DUP MLA Diane Dodds added: “There will be a £350m gap in education next year. There will be a further 2% cut on top of that. No other part of the UK is having a budget cut in education.”

The minister admitted she was “extremely concerned” over the looming reduction.

“I am continually highlighting the pressures with the Finance Minister. The begging bowl is out every monitoring round, but education is core to everything we do as a society. I welcome the support of the committee over this,” she said.

She also told the committee that retired teachers were being urged to come forward for work, with a register to be set up in the new year as the department seeks to plug staff gaps.

However, Ms McIlveen ruled out parachuting in student teachers, saying it would not be “reasonable or fair” to put trainees in that position.

“Trainee teachers need to be supervised in the classroom, limiting their value as an additional teaching resource,” she added.

“If the need for student teachers to be supervised was removed, that could leave them legally vulnerable as they are not yet qualified teachers.

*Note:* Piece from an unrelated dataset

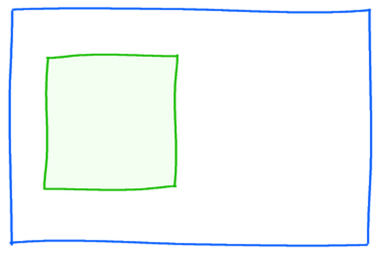 Figure 1. A 640x480 pixel video picture (the blue outline) with a 40cm x 40cm open field in it (the green shaded area).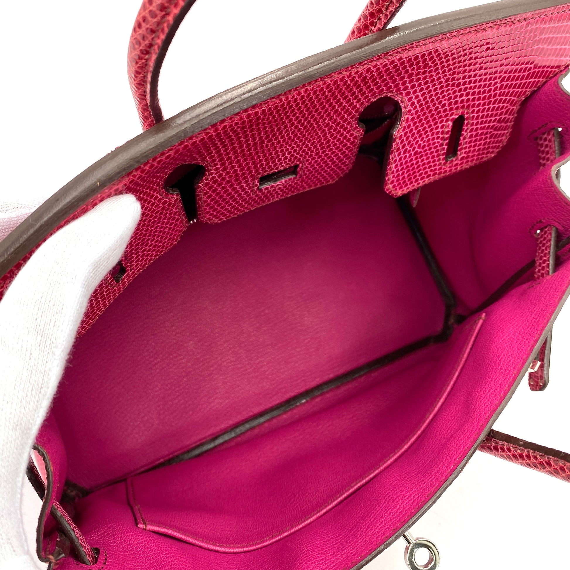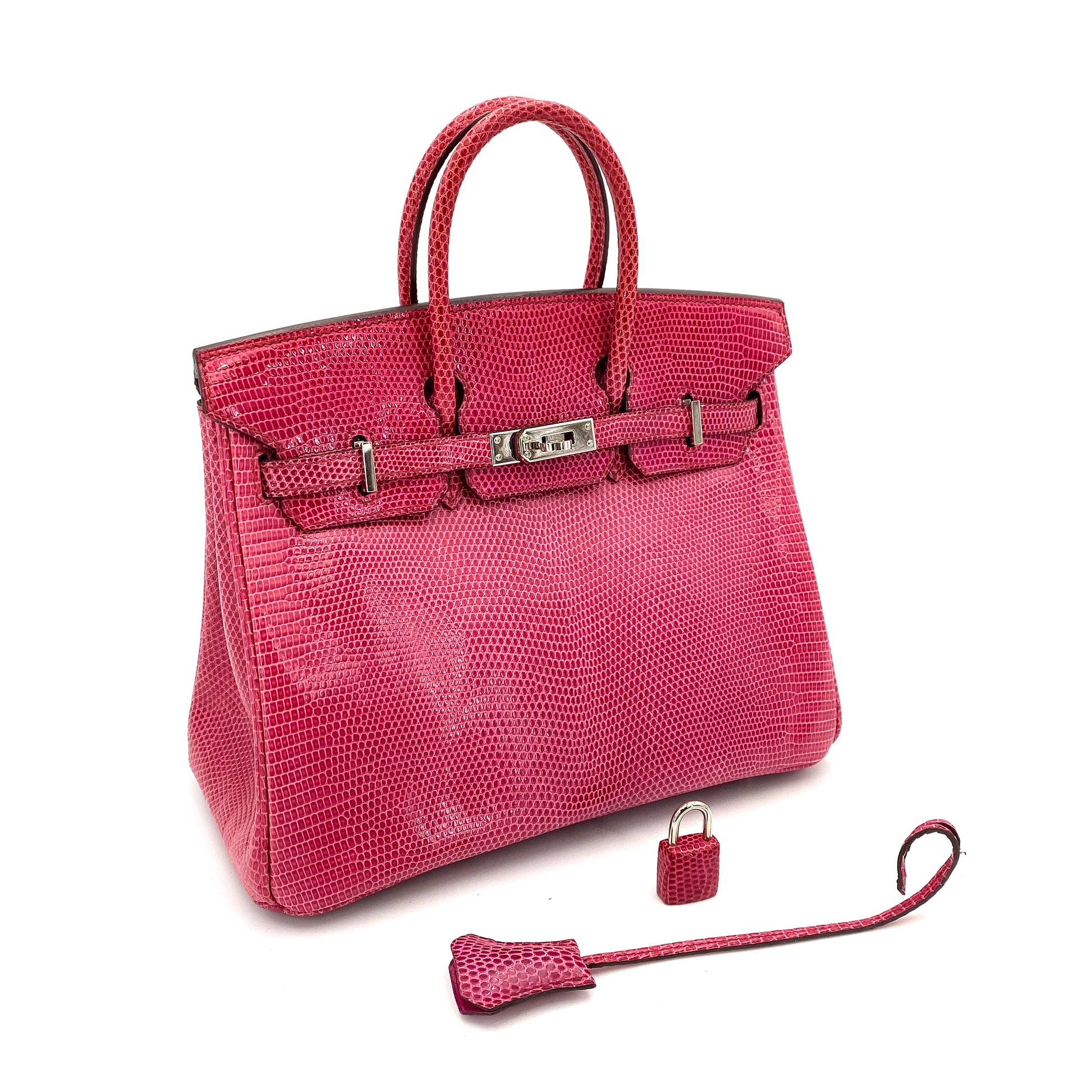 HERMES BIRKIN 25 FUSCHIA PINK LIZARD HAND BAG □L SHW 90248833

There are indemnity issues.”

She also warned that Omicron was taking the pandemic “into a new phase”.

“It is clear that among a unvaccinated school population, there are currently a high number of cases,” the minister said.

In the seven days up to December 12, the Public Health Agency recorded 3,405 cases of Covid in schools.

“There have been no new recommendations from the Department of Health that there should be any change in Covid guidance,” Ms McIlveen said.

“The focus is on encouraging adherence to the current messaging.

“I want to let the school leaders lead. Guidance has moved away as much as possible from telling schools what they must or cannot do. Mitigations should suit a school’s circumstances.

“If the Department of Health says there is a need to introduce further mitigations, this is a path we have been down before. I am confident the department is in a position to react swiftly if required. We continue to prepare for all scenarios.”

That includes a back-up plan should examinations not be held next summer.

“There are contingency plans in place with CCEA if there’s a need to cancel exams next year,” the minister said.

“We will be able to move fast, building on the experience of what happened last summer.”

Committee members were told school leaders had been made aware there would be challenges in January and that the Department of Education was ready to introduce extra mitigations if needed.

Ms McIlveen said closures remained a last resort.

“Closing schools will place children in the community and infections will rise,” she added.

“The situation is fluid and can change very quickly.

“We will continue to act on the scientific advice and decisions will be taken at an Executive level.”

The Department of Finance was contacted for comment.